What you will do
Retype only the lines below from the one with "Photograph 2: Building" to the one with "Khaldang Tunaturam (Agitok)", inclusive, skipping every image.
★ ★ ★ ★
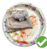
PAPER PLATES, PAPER TOWEL, NAPKINS AND TISSUES
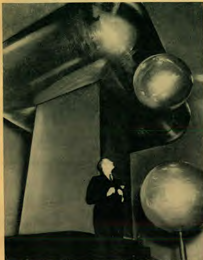
An X-ray machine in the Huntington Memorial Hospital, Boston, which, it is claimed, is four times as powerful in the treatment of cancer as would be all the known radium in the world.
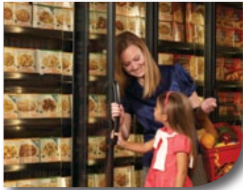
Reach-In Door Handles
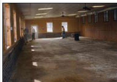
Patio floor in progress
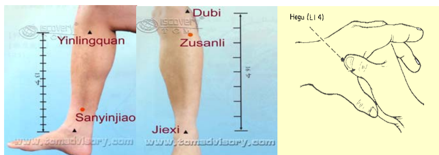
Figure 2. The locations of the acupoints LI4, ST36 and SP6

The oral educational session was supplemented with pamphlets, demonstrating the technique of pressing the true acu-points with accurate duration, showing posters and slides by PowerPoint Software for the experimental group after providing full explanation about the research objective. The same researcher educated the placebo group about the procedure of touching at the same acu-points (except providing pamphlet). One of the required acupoints was L.I.4 or Hegu channel which is the major painless relaxant point. It is located on the dorsum of the hand, between the 1st and 2nd metacarpal bones, in the middle of the 2nd metacarpal bone on the radial side, when the thumb is fully extended, i.e. the bones of the thumb and the first finger. The other is the ST36 point or Zusanli which is to the lateral side of the middle toe, 3 individual cun below the genu, i.e. on the anterior lateral side of the leg, one finger breadth (middle finger) from the anterior crest of the tibia, which is one of the most effective locations for reduction of fatigue and a general balance point. The last point is SP6 or Sanyinjiao, which is on the medial side of the leg, 3 cun above the tip of the medial malleolus, posterior to the medial border of the tibia, is one of the major and most commonly used channels (Molassiotis, Sylt, & Diggins, 2007) which is shown in Figure 2.
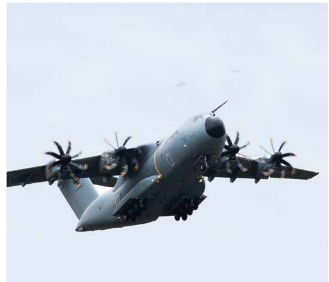
Capability development in NATO and the EU – a framework for the orientation of the Bundeswehr.

The Framework Nations Concept initiated by Germany meets these requirements.
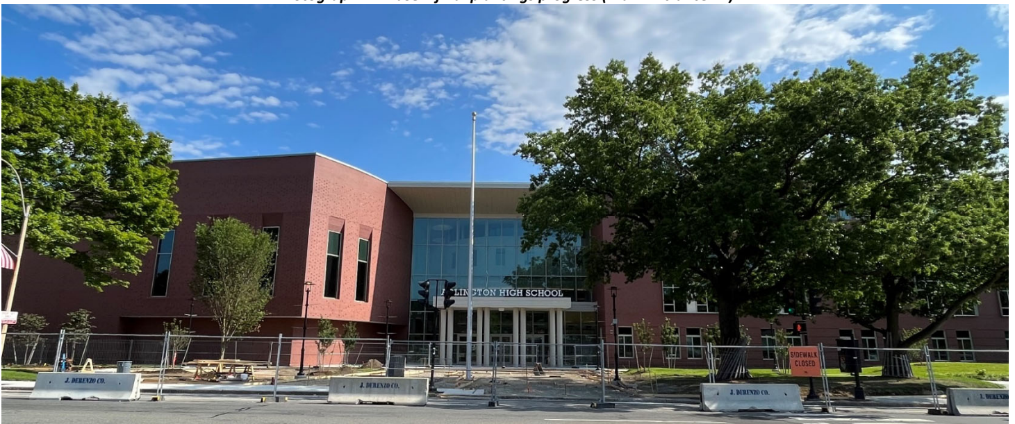
Photograph 2: Building D/E South Elevation (Main Entrance)
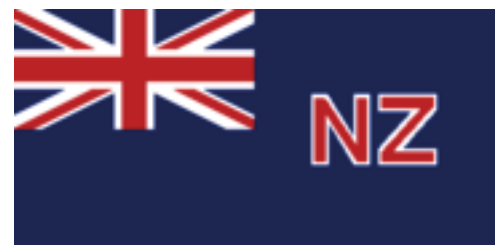
The Colonial New Zealand flag

The first capital of the country was Russell, located the Bay of Islands, declared by Governor Hobson after New Zealand was formally annexed. In September 1840, Hobson changed the capital to the shores of the Waitematā Harbour where Auckland was founded. The seat of Government was centralised in Wellington by 1865.
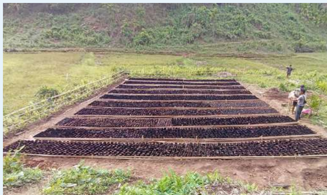
Khaldang Tunaturam (Agitok) Village, Resubelpara, NGH

433 Villages under MegLIFE Project have elected to set up community nurseries. Following the completion of preparation of nursery mother beds where seeds will be sown, communities are working on filling Polybags with potting material; a mix of soil, sand and compost (in prescribed proportion). Polybags are for transplanting the small seedlings from mother bed into a container for transportation to the planting site.
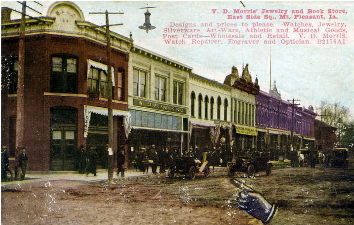
East side of the square around 1912, with Wallbank store next to bank at corner.
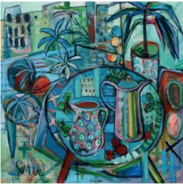
The Balcony View
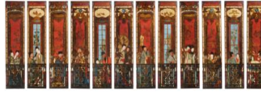
A SET OF TWELVE GERMAN PAINTED PANELS circa 1720

Vol. 2 | Old Master, 19th and 20th Century Paintings, Day Sale
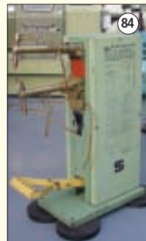
CEBORA 2684: Spot Welder. Capacity 15 Kva. £750
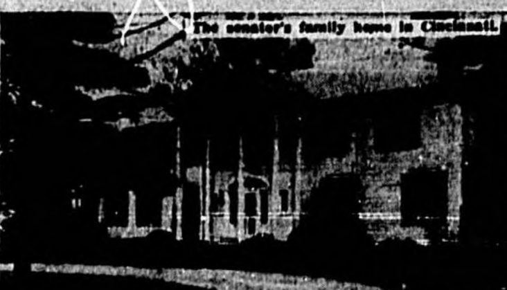
The senator's family home in Cincinnati.
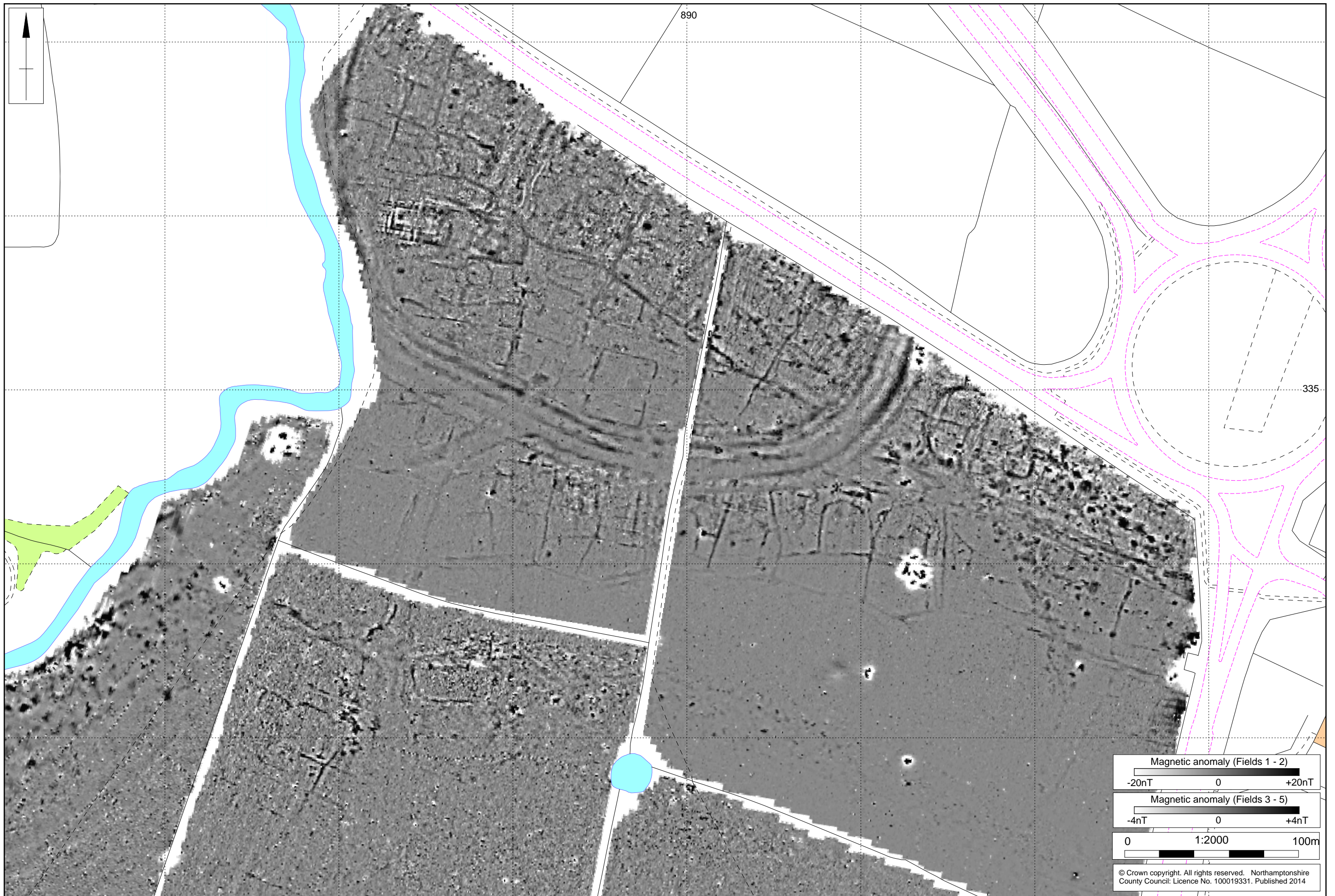
Scale 1:2500 (A3)
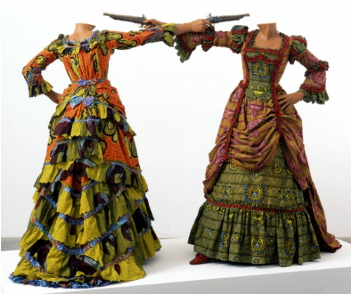
Figure 2. Yinka Shonibare, How to Blow Off Two Heads at Once (Ladies) , 2006, 2 life-size fiberglass mannequins, Dutch wax printed cotton, two guns, shoes, leather riding boots; plinth: 160x245, 122 cm; figures: 160x155x122 cm. Source: Kent, Rachel. Yinka Shonibare, MBE . Munich, Germany: Prestel, 2008.
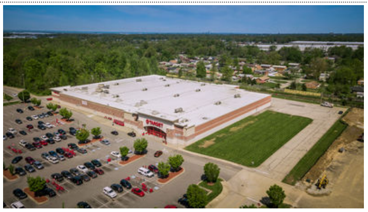
7311 Jefferson Blvd-06
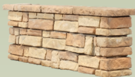
SHOWN: RANDOM BROWN
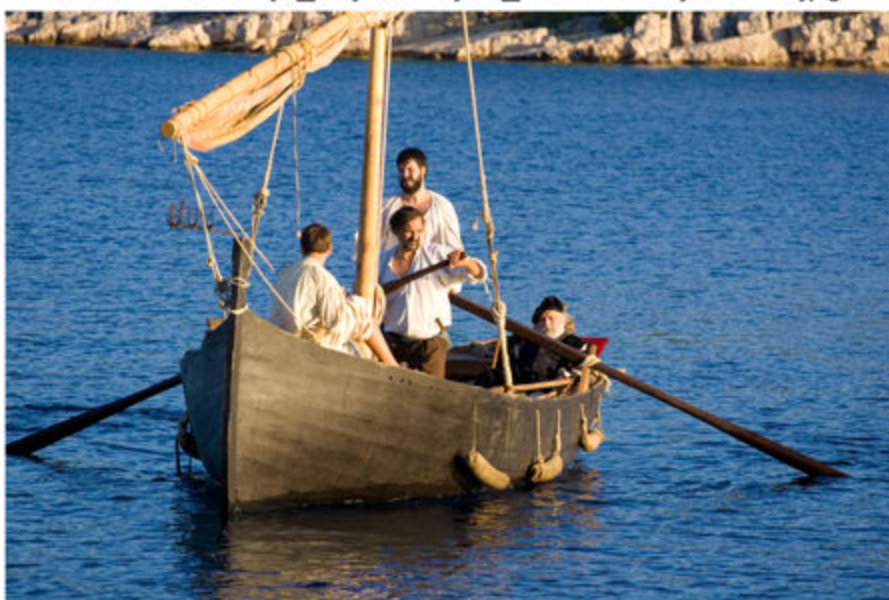
Rade Šerbedžija_Bojan Brajčić_Lučev Damjanić 07.jpg
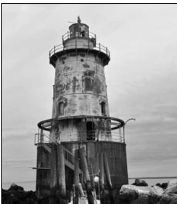
(above) Stamford Harbor Lighthouse maritime beacon and wildlife den.
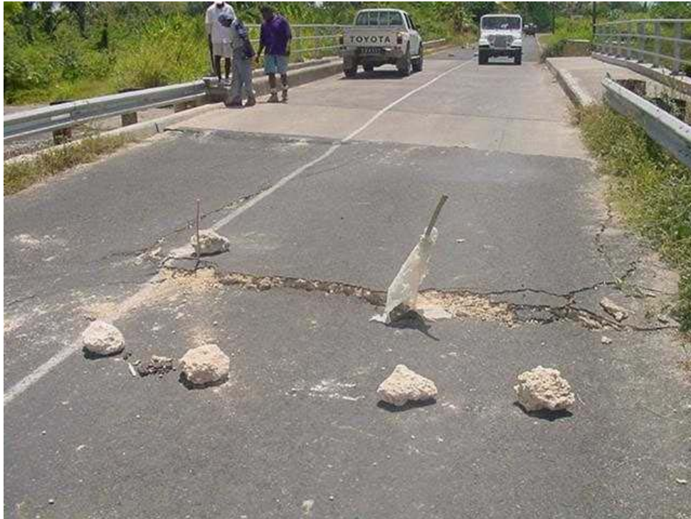
Road infrastructure damage during earthquake in the year 2002.
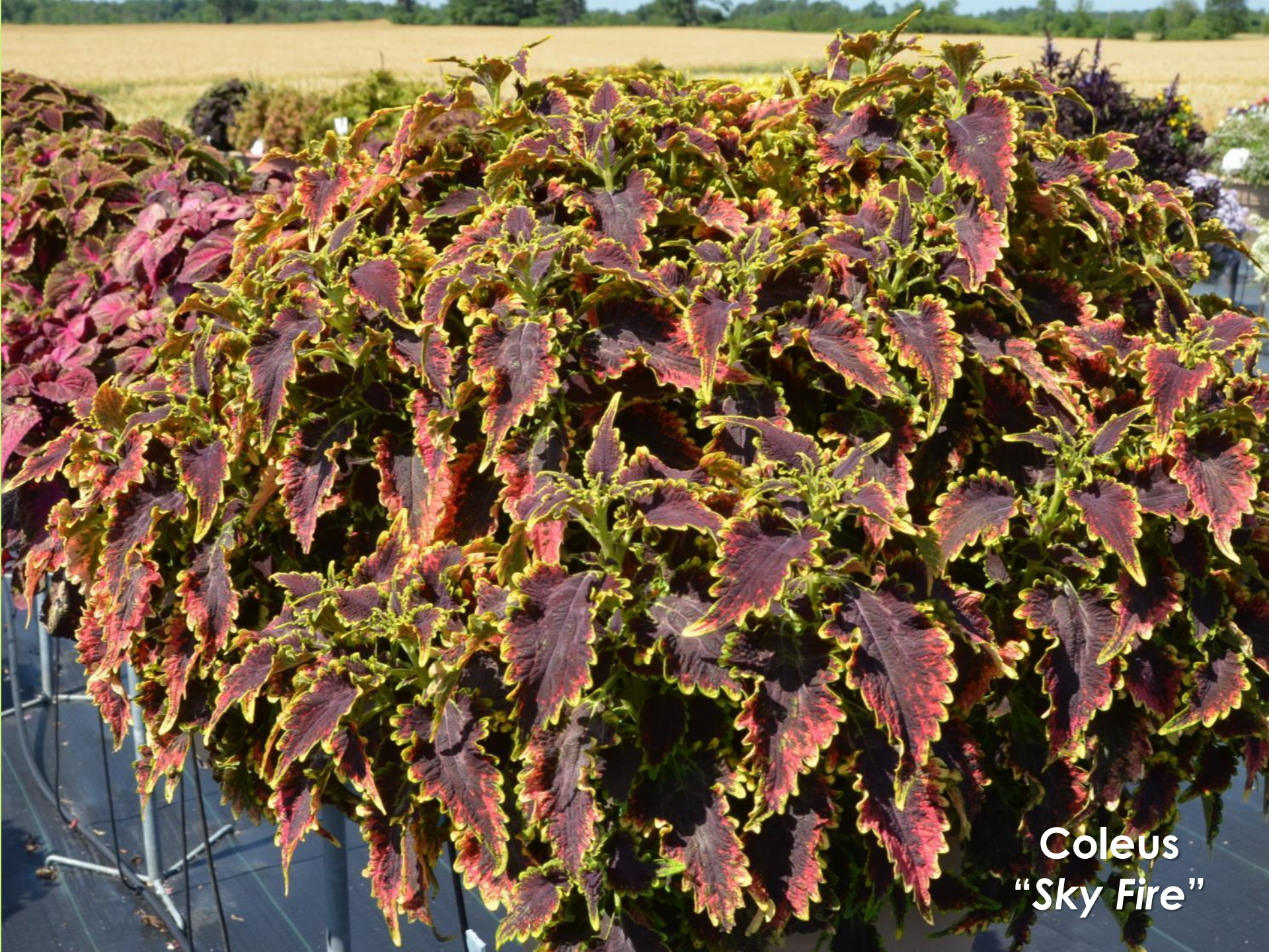
Coleus "Sky Fire"
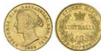
877* Queen Victoria , second type, 1866. Nearly extremely fine. $650
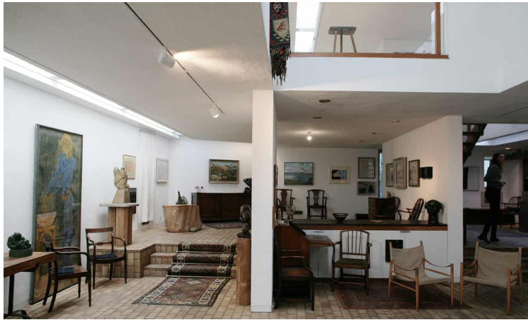
Kettle's Yard house and art gallery in Cambridge.
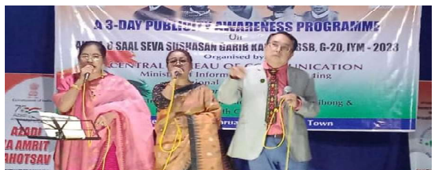
IT News Imphal, Feb 15:

The closing event of 3 days publicity awareness program on Azadi Ka Amrit Mahotsav, Saal Seva Sushasan and Garib Kalyan, Ek Bharat Shreshtha Bharat, G-20 and International Year of
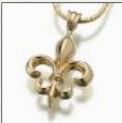
#192GV Fleur de Lis - $180 #192SS Fleur de Lis - $160 ** #192YG Fleur de Lis - Call 7/8"W x 1" H x 1/4" D
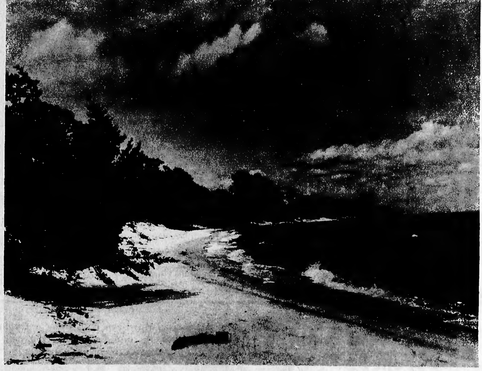
THE BEAUTY THAT ABOUNDS IN CAROLINA'S COAST COUNTRY KNOWS NO SEASON.
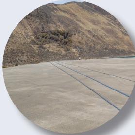
Ground-level storage reservoir
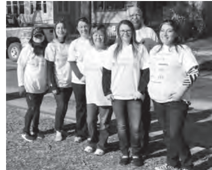
BACU employees participated in a number of events in 2017, raising funds for some very worthwhile organizations including (top) Lace Up for Diabetes on June 5, the Terry Fox Run on September 17 (left) and the West End Biz Sweep-Off on April 19.
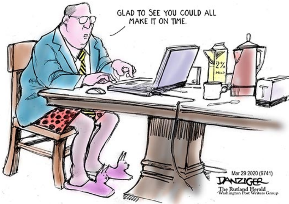
Early Zoom Meeting

Do You Have 'Zoom Fatigue' or Is It Existentially Crushing to Pretend Life Is Normal as the World Burns?
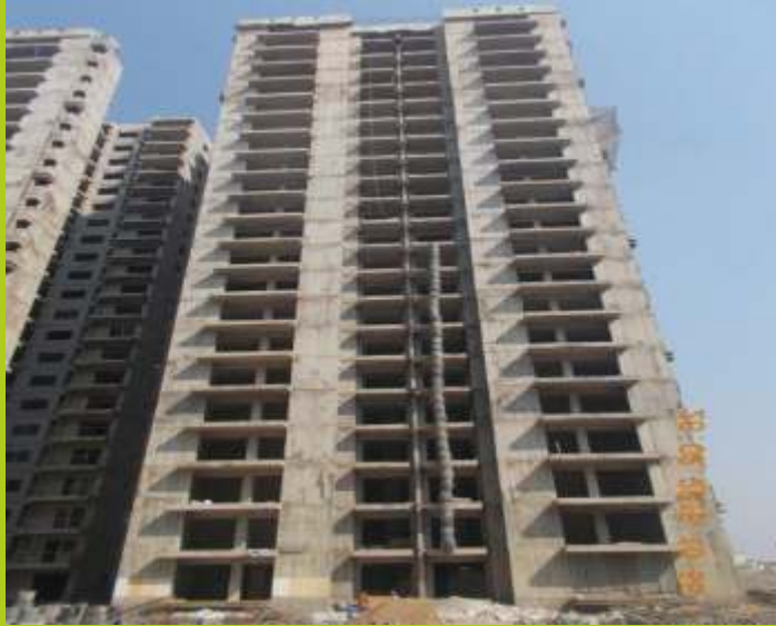
TOWER F February 2016 Super Structure completed Interior plaster work under progress Interior finishing work under progress
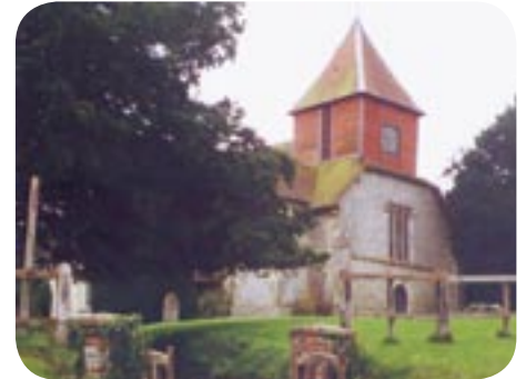
All Saints' Church

All Saints' Church dates from between the 10th and 14th centuries with minor restoration work in 1851 and 1887. It is constructed of flint, some of which is laid in a 'herring-bone' pattern, and has a clay tile roof with a tile hung bell-turret. The church lies at the top of a small hill, and this feature can, therefore, be seen from across the fields to the west of the church. The main body of the church, however, can only be seen at close range, as it is well screened behind the trees and hedges of the narrow rural lane that leads up from the main village.
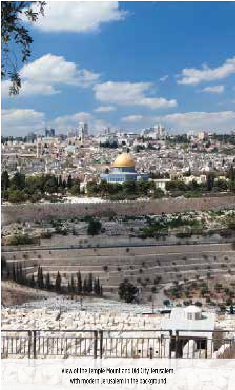
View of the Temple Mount and Old City Jerusalem, with modern Jerusalem in the background
★ ★ ★ ★
Response box
Photograph 2: Building D/E South Elevation (Main Entrance)
The Colonial New Zealand flag

The first capital of the country was Russell, located the Bay of Islands, declared by Governor Hobson after New Zealand was formally annexed. In September 1840, Hobson changed the capital to the shores of the Waitematā Harbour where Auckland was founded. The seat of Government was centralised in Wellington by 1865.
Khaldang Tunaturam (Agitok) Village, Resubelpara, NGH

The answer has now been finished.